Then as Germany attacked in the West and her armies swept on to the Atlantic across the Netherlands, Belgium and France, Moscow repeated her tactics in the north and by the familiar devices accepted the submission of the three Baltic states, turned them into Soviet Republics and began to wipe out the people and nationalize all their possessions.
The Ukrainians could have little hope. The OUN (Organization of Ukrainian Nationalists) indulged in acts of sabotage but there was little positive action. With Germany and the Soviet Union in alliance and with the Western powers evidently p137 losing the war, the future seemed dark indeed.
The only ray of light was the hope of a split between the two ruthless machines that held the country in their grip. The Ukrainian patriots sought eagerly for any sign of a disagreement, though they had few illusions as to the philanthropic motives of either party.

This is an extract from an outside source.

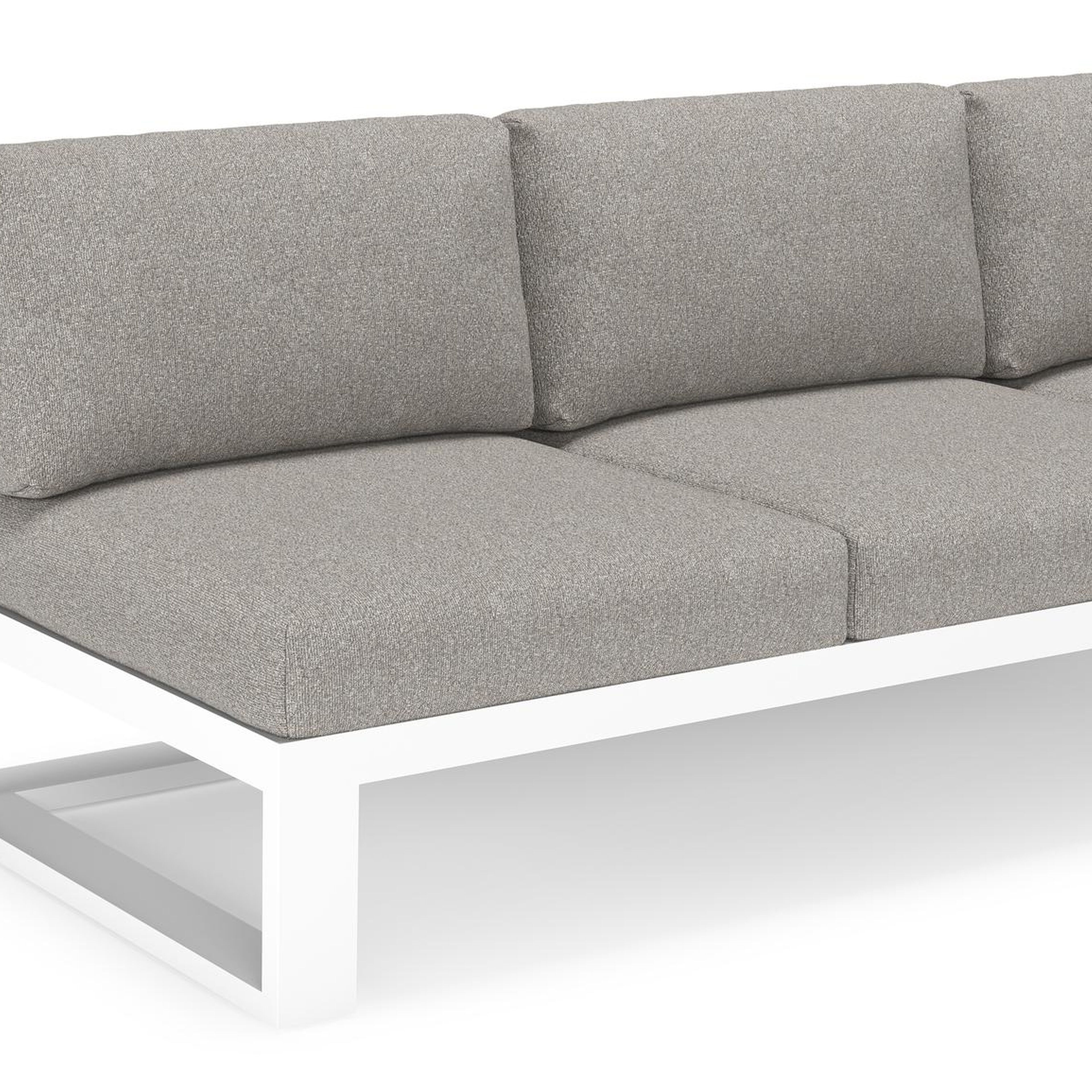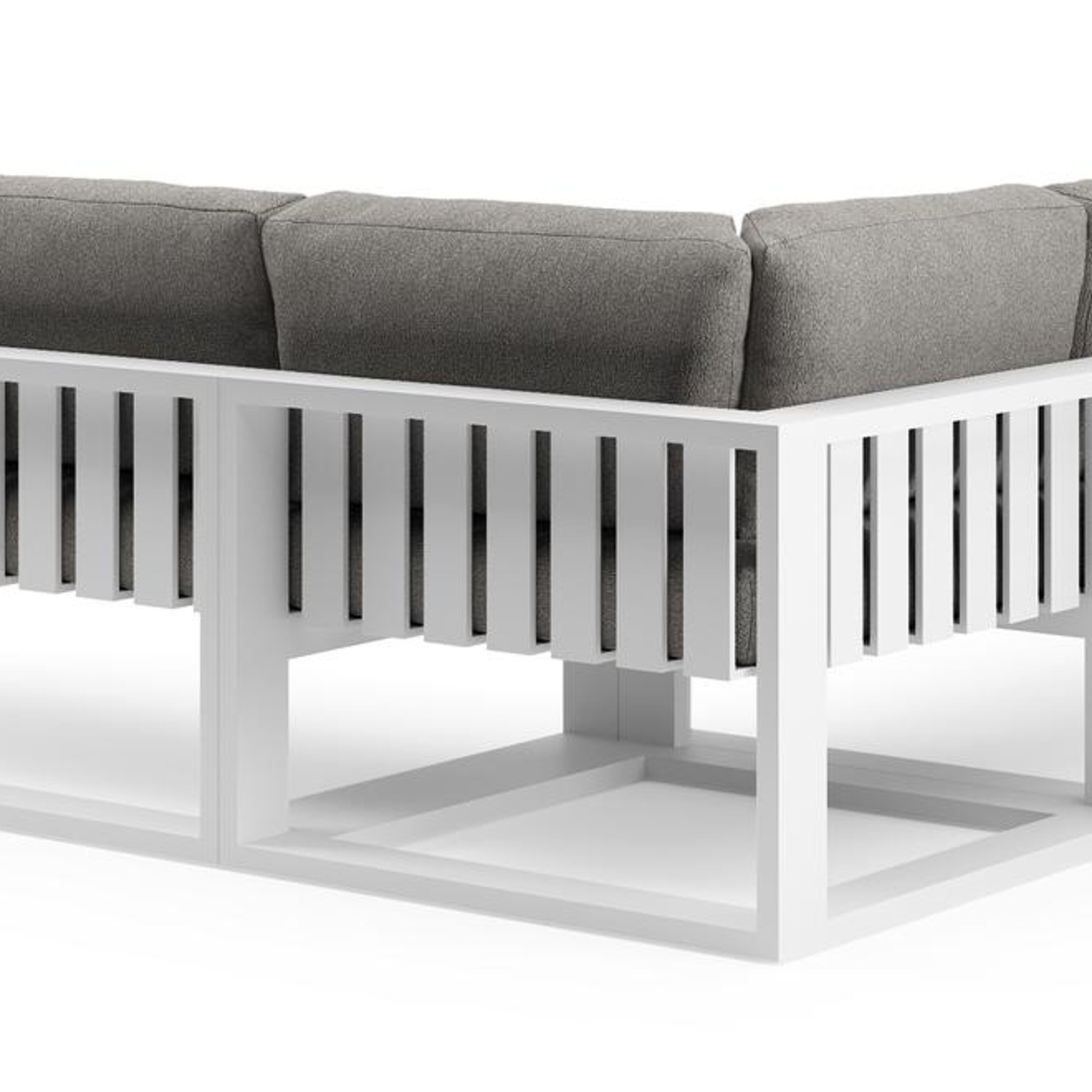 Verato loungehoek in wit aluminium met tundra charcoal all weather sunbrella® luxe kussen | Exterioo tuinmeubelen
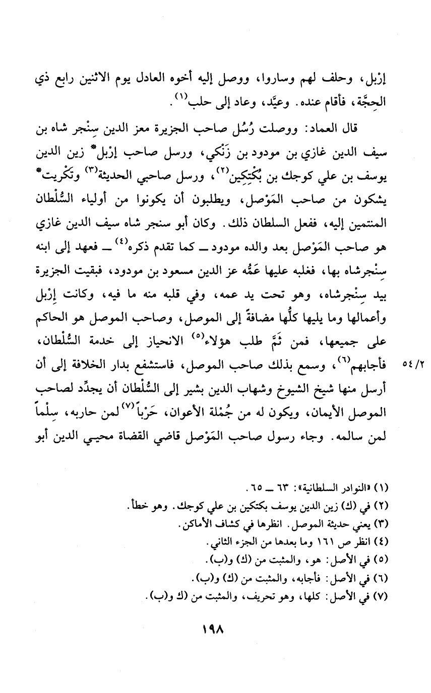 وَكَانَ أَبُو سنجر شاه سيف الدّين غَازِي هُوَ صَاحب الْموصل بعد وَالِده مودود كَمَا تقدم ذكره فعهد إِلَى ابْنه سنجرشاه بهَا فغلبه عَلَيْهَا عَمه عز الدّين مَسْعُود بن مودود فَبَقيت الجزيرة بيد سنجرشاه وَهُوَ تَحت يَد عَمه وَفِي قلبه مِنْهُ مَا فِيهِ وَكَانَت إربل وأعمالها وَمَا يَليهَا كلهَا مُضَافَة إِلَى الْموصل وَصَاحب الْموصل هُوَ الْحَاكِم على جَمِيعهَا فَمن ثمَّ طلب هَؤُلَاءِ الانحياز إِلَى خدمَة السُّلْطَان فأجابهم وَسمع بذلك صَاحب الْموصل فاستشفع بدار الْخلَافَة إِلَى أَن أرسل مِنْهَا شيخ الشُّيُوخ وشهاب الدّين بشير إِلَى السُّلْطَان أَن يجدد لصَاحب الْموصل الْأَيْمَان وَيكون لَهُ من جملَة الأعوان حَربًا لمن حاربه سلما لمن سالمه

The fate of Carpatho-Ukraine and the German surrender of Lviv and other Western Ukrainian territory to Stalin had shown them that Hitler was not interested in their problems. On the other hand their experiences with the Red army had shown them likewise that there was nothing to be expected in that direction. Renewed contact with the Eastern Ukrainians brought home to them in all of its horror the meaning of Communism and the sham of the Ukrainian Soviet Republic.
This gave the period a strange and unreal aspect. The Ukrainians realized perfectly that they could have no allies, even if they rose in revolt. Finland had been left to stand alone. The Byelorussians were in the same boat as themselves and the Baltic states still farther to the north were silenced. Waiting was the only course open. Meanwhile the patriotic leaders had to try to save their own lives, protect their followers, and prepare for whatever might come.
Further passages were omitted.